Homeland Security Secretary Alejandro Mayorkas said “emergency prevention” through steps such as elevating buildings “is far preferable to emergency response.”

The policy means that public facilities will be rebuilt “to a safer, more resilient standard” and that individuals in those facilities and buildings will be protected from flood danger, Natural Resources Defense Council climate attorney Joel Scata said.

The new elevation standard will not apply to homes that are repaired with FEMA money or with claims payments from FEMA’s flood insurance program. It also will not affect FEMA flood maps that outline the nation’s flood zones.

The publication of the final rule in the Federal Register, expected Thursday, culminates a nearly decadelong struggle to require federally funded projects to have extra protection against flooding.

Former President Barack Obama tried to establish a government-wide elevation standard in his second term but gave agencies insufficient time to implement policies by the end of his presidency. Trump halted those efforts shortly after taking office by revoking Obama’s executive order to establish the standard.

President Joe Biden resurrected the Obama plan four months after he was inaugurated.

Finalizing the FEMA policy while Biden is president could make it harder for future presidents to reverse course because they must take steps beyond revoking an executive order.

The Biden administration announced the rule to reporters Tuesday afternoon at a virtual press briefing featuring Zaidi, Mayorkas and Criswell.

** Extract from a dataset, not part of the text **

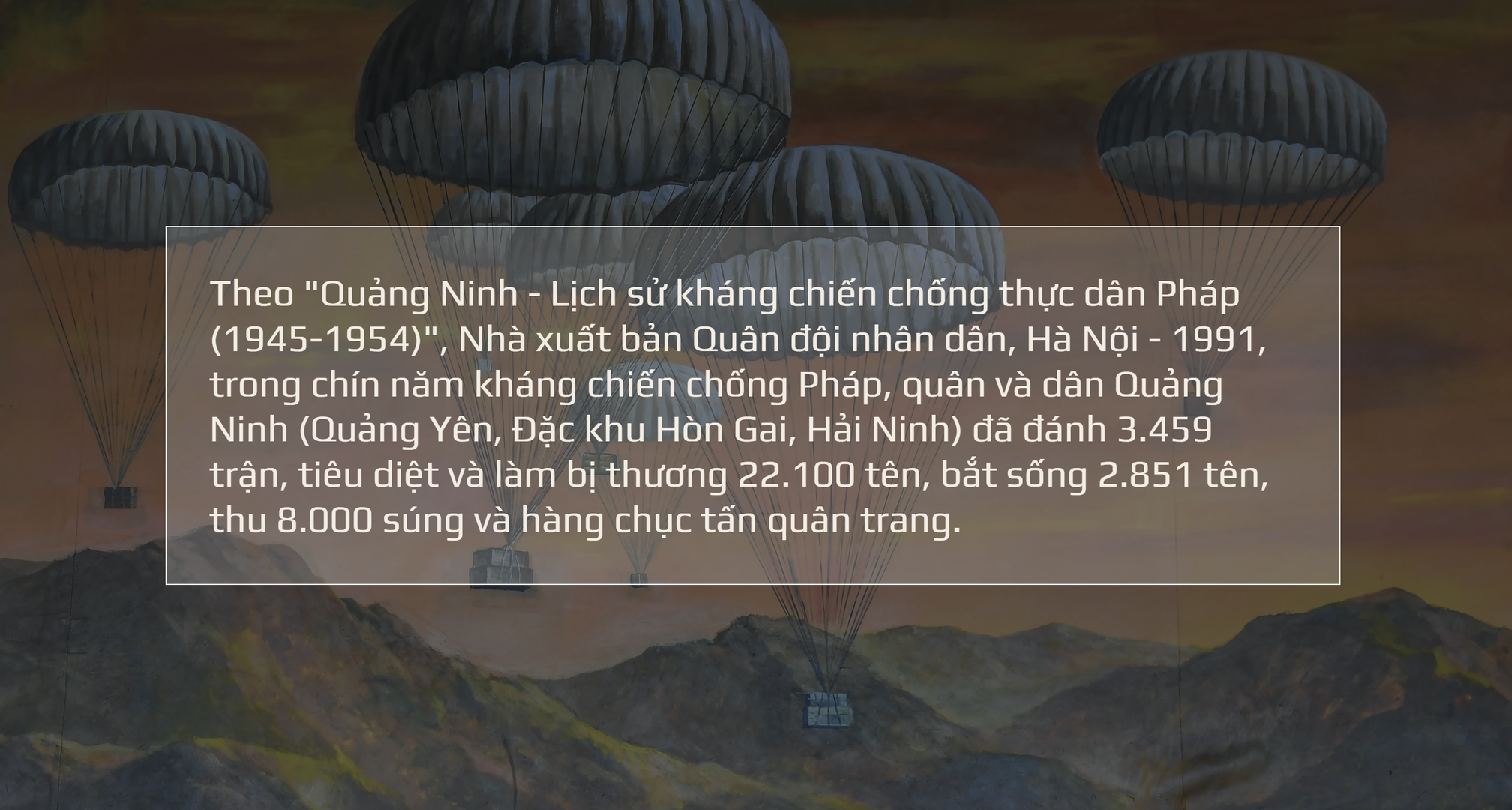Theo Quảng Ninh - Lịch sử kháng chiến chống thực dân Pháp (1945-1954), Nhà xuất bản Quân đội nhân dân, Hà Nội - 1991, trong chín năm kháng chiến chống Pháp, quân và dân Quảng Ninh (Quảng Yên, Đặc khu Hòn Gai, Hải Ninh) đã đánh 3.459 trận, tiêu diệt và làm bị thương 22.100 tên, bắt sống 2.851 tên, thu 8.000 súng và hàng chục tấn quân trang.
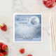Guardanapos de papel com um céu de fantasia mágico com nuvens azuis e uma lua grande e bonita. 2 cisnes brancas voando juntas.

The Department of Homeland Security oversees FEMA.

In April, by contrast, when the Department of Housing and Urban Development adopted a similar flood elevation policy for public housing facilities, HUD merely published a news release, which few reporters covered.

“I don’t remember what else we had going on that week,” Zaidi said, referring to when HUD adopted its policy. “I can’t speak to why we didn’t hold a press call with me.”

The FEMA policy comes eight days after Biden personally announced a proposal that would require employers for the first time to protect workers from the health effects of extreme heat, through mandatory water and rest breaks.

Climate change has featured prominently in Biden’s publicity sweep following his widely criticized debate performance against Trump that has led some Democratic lawmakers to call for Biden to drop his reelection campaign.

“We’re going to keep going until we’ve done everything we can for our communities,” Zaidi said.

The flood standard is one of the first federal climate policies announced since the Supreme Court’s landmark ruling June 28 that overturned a long-standing requirement that courts defer to agency interpretations of federal law.

Criswell said she is not worried about a court striking down the new flood policy, called the Federal Flood Risk Management Standard.

“We have the statutory authority to implement these standards, and we don’t feel there’s going to be an impact from the Chevron decision,” Criswell said, referring to the recent Supreme Court ruling.

The FEMA policy received wide support during a two-month comment period in late 2023. The National Association of Home Builders expressed the strongest opposition, urging FEMA to withdraw its “premature” rulemaking.

The builders group said the standard would impose “confusing and burdensome requirements.” Acknowledging that the standard would affect “a very small number of federally funded residences,” the association said it feared that the government “may seek to expand its applicability to all structures — a move that would be neither wise nor prudent and would significantly impact housing affordability across the country.”

The group also opposed the recent HUD flood standard, which applies to any home that is built or substantially repaired with housing aid from the agency.

Although Biden ordered departments and agencies in May 2021 to establish their own flood standards, FEMA and HUD are the only two that have finalized their policies.

Zaidi, the White House adviser, said “other agencies have guidance in place,” which is not as strong as a regulation. “Work is ongoing to assess and potentially put in [flood] rules.”